▶ _Supplied material_:
┌──

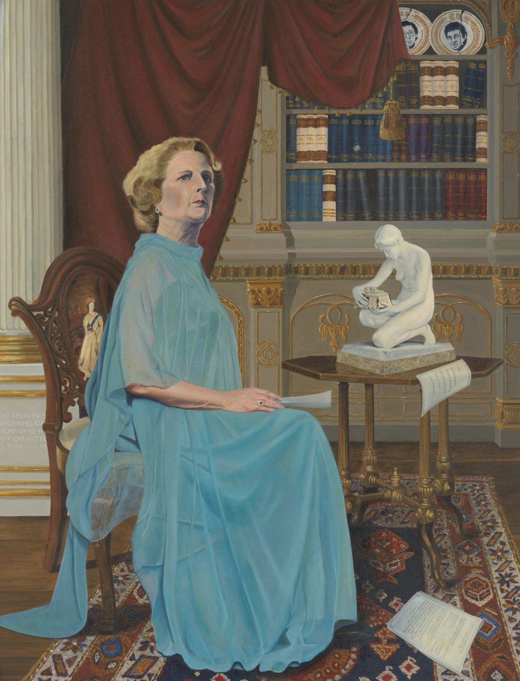 The painting shows Margaret Thatcher in the style of a Victorian society portrait and makes connections between her free-market policies and the art world of the time. In the cracked plates on the bookcase appear the faces of Charles and Maurice Saatchi, the advertising gurus who created election campaigns for Thatcher. Charles was also an art dealer and on the committee of Tate and the Whitechapel Gallery, two positions he resigned from when this work was exhibited.
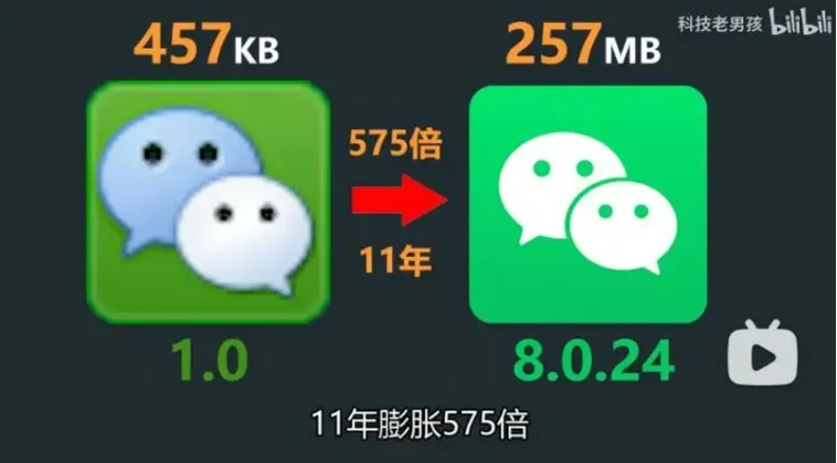 APP功能的增大犹如大规模的竞赛,唯恐落后别人半步。这样带来的结果就是,还没等到用户觉得爽,就先让手机内存增大了。比如微信安装包,用11年时间增大了570多倍!
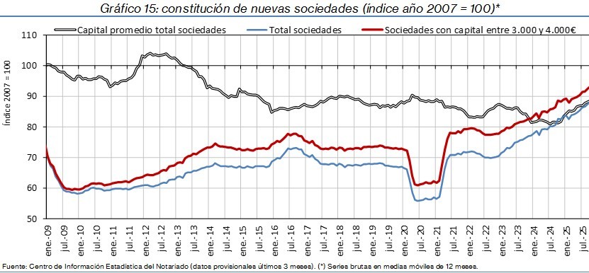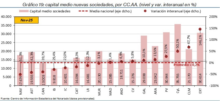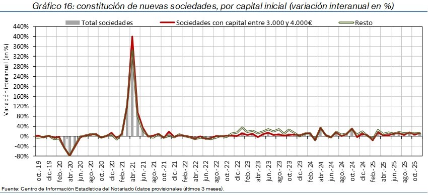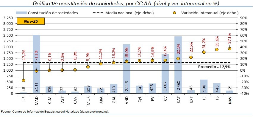 - La constitución de nuevas sociedades crece un 13,0% interanual en España. Destacan los aumentos en Navarra (37,1%) e Islas Baleares (35,6%) y los retrocesos en La Rioja (17,2%) y Comunidad de Madrid (1,1%).
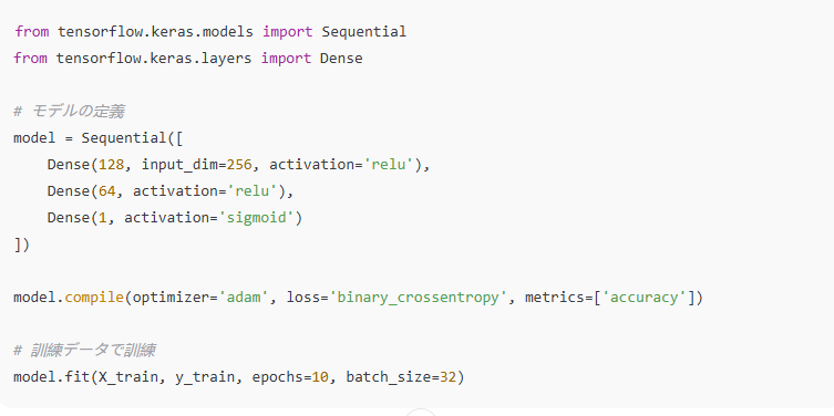 Keras や TensorFlow を使って、名刺情報を抽出するためのニューラルネットワークを訓練します。以下は、簡単なニューラルネットワークの構築例です。

└──

Render the data above verbatim and without pictures.

 The painting shows Margaret Thatcher in the style of a Victorian society portrait and makes connections between her free-market policies and the art world of the time. In the cracked plates on the bookcase appear the faces of Charles and Maurice Saatchi, the advertising gurus who created election campaigns for Thatcher. Charles was also an art dealer and on the committee of Tate and the Whitechapel Gallery, two positions he resigned from when this work was exhibited.
 APP功能的增大犹如大规模的竞赛,唯恐落后别人半步。这样带来的结果就是,还没等到用户觉得爽,就先让手机内存增大了。比如微信安装包,用11年时间增大了570多倍!
 - La constitución de nuevas sociedades crece un 13,0% interanual en España. Destacan los aumentos en Navarra (37,1%) e Islas Baleares (35,6%) y los retrocesos en La Rioja (17,2%) y Comunidad de Madrid (1,1%).
 Keras や TensorFlow を使って、名刺情報を抽出するためのニューラルネットワークを訓練します。以下は、簡単なニューラルネットワークの構築例です。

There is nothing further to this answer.